Photo: Galaxy cluster 1E 0657-56; NASA

Friday, August 22

Pay attention!

I was only four years old (goin’ on five) when this happened. The people in the foreground to the right of center haven’t yet noticed what was happening in the background. Twenty thousand TONS of TNT equivalent was exploding in the second nuclear blast in wartime history. Nagasaki was being obliterated; the date was August 5, 1945. Three days earlier a similar bomb had destroyed Hiroshima.

Since that terrible time the world has argued whether the bombing with nuclear weapons was justified. The argument by the United States was that it saved the lives of thousands, perhaps millions of soldiers and civilians because it forced the recalcitrant Japanese warlords to surrender, which would not have happened if the US had only fought with “ordinary weapons.” The overwhelming terror of the individual atomic bombs convinced the Japanese that they simply had no choice.

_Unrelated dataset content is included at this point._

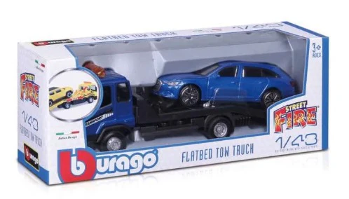 BBURAGO 1/43 Эвакуатор + машина STR Fire Flatbed Transport blue/синий

What fascinates me about the photograph is that something so overwhelmingly powerfully destructive can be happening and not be noticed immediately. (By clicking on the picture you can see it a bit larger.)

Wednesday, August 20

An update

Today at noon the hospital kicked Adeline out, saying “We only allow sick people to stay here.” So I guess the verdict is that she doesn’t qualify. She will be staying at a hotel in Fresno, getting care from her daughter and a friend and others 24 hours a day. We shall see what happens from there.

Thursday, August 14

Time out

I will be taking time off to handle a family situation that has come up. Karla’s mother is in a bad way and is hospitalized. We’re not expecting a very good outcome. I’ll return to my usual silliness and nonsense when we get everything handled.

Wednesday, August 13

Monty Python? Or the real thing?

Supposedly an interview with an Australian senator regarding a recent oil spill caused by the front of an oil tanker falling off:


http://view.break.com/352629 - Watch more free videos

Thanks to loyal reader/part-time neighbor Bill for the tip!

Tuesday, August 12

Oil price falling!

Great news! With oil prices falling, we can soon expect to pay less at the pump to fill our cars and trucks.

Rumor has it that with prices falling at the current rate, in about three weeks we will be able to drive in to a gas station and fill up and get free money! I have it on good authority that if you fill a large near-empty fuel tank you can get as much as $50. In cash!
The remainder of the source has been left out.